L'autore è Lawrence Osborne, viaggiatore narratore inglese trapiantato a NewYork, che nei suoi libri l'ultimo è dedicato a Bangkok racconta immagini e segreti di ogni angolo del mondo. La vetrina è Newsweek. L'argomento del reportage è Capri, che nel titolo è battezzata come «Isola dell'amore» e tale resta dalla prima all'ultima riga: dal piacere puro nei palazzi dell'impero romano all'outing di primo Novecento che ne fece una capitale gay, passando per le fascinazioni subite da celebri scrittori e i capricci di eccentrici miliardari «che qui potevano esorcizzare i loro demoni», per finire poi con l'innamoramento degli oc¬chi e del gusto, tra scogliere a picco sul mare e sapori mediterranei.

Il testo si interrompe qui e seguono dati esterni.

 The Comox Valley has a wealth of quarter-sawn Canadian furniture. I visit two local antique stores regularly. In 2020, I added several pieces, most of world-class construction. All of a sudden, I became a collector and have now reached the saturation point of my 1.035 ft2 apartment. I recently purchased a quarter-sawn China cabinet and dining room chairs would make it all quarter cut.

«Sul versante opposto dell'isola scrive Osborne nell'ultima pagina del reportage un altro posto che conservale atmosfere del passato è l'Hotel Caesar Augustus di Anacapri. Antica residenza di un principe russo, Emmanuel Bullack, si affaccia su una scogliera che guarda sul Vesuvio e su Napoli, proprio sotto Villa San Michele. E uno di quei tipici hotel italiani "cinque stelle lusso" (in italiano nel testo) che hanno come principale caratteristica la semplicità senza ostentazione. Dai balconi delle camere si possono vedere i falchi e le sfumature smeraldo di un mare che non dimentica la sua storia secolare. Nello splendido ristorante diretto da Giuseppe Restavi offriranno linguine al nero di seppia, frutti di mare, granchio reale, melenzane, fave e menta coltivate nell'orto dell'albergo, il tutto annaffiato da una bottiglia di Fiano di Avellino ben freddo».

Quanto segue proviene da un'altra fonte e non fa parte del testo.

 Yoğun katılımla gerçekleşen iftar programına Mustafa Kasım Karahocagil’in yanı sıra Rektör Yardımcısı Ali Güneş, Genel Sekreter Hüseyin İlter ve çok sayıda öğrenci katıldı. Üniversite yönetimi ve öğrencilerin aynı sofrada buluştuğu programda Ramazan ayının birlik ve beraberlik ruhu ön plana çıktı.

Una gioia per il palato e non solo: «Nei grandi ristoranti metropolitani - sentenzia Osborne - non si arriva neanche vicino a questo livello di sensazione».

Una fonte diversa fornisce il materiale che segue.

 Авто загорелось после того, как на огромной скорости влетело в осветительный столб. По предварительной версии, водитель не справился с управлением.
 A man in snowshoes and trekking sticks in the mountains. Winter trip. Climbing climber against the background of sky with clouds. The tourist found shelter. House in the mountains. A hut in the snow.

Ci si può lamentare per quello che Capri è diventata con il tempo, continua lo scrittore, e descrive «un'infinità di negozi di vasellame, outlet di biancheria intima per giovani rampanti, cartelli che pubblicizzano i sandali fatti a mano. Personalmente, però, non ho mai dato troppa importanza alle contaminazioni né al consumismo e nemmeno ai turisti russi che vanno in giro con la t shirt dei Black Sabbath. Qui la notte profuma ancora di mare e di pino. Nell'Hotel Caesar Augustus c'è una statua a grandezza naturale dell'imperatore, copia conforme - come spesso avviene - di quella ritrovata a Roma nella Villa Livia. Fu il principe Bullack a commissionarla. Capri è rimasta l'isola di Augusto e di Tiberio, ma per qualche verso ricorda anche l'India: e il suo passato pagano riemerge dai prati luminosi, dalle distese di papaveri, ciclamini e rosmarino selvatico».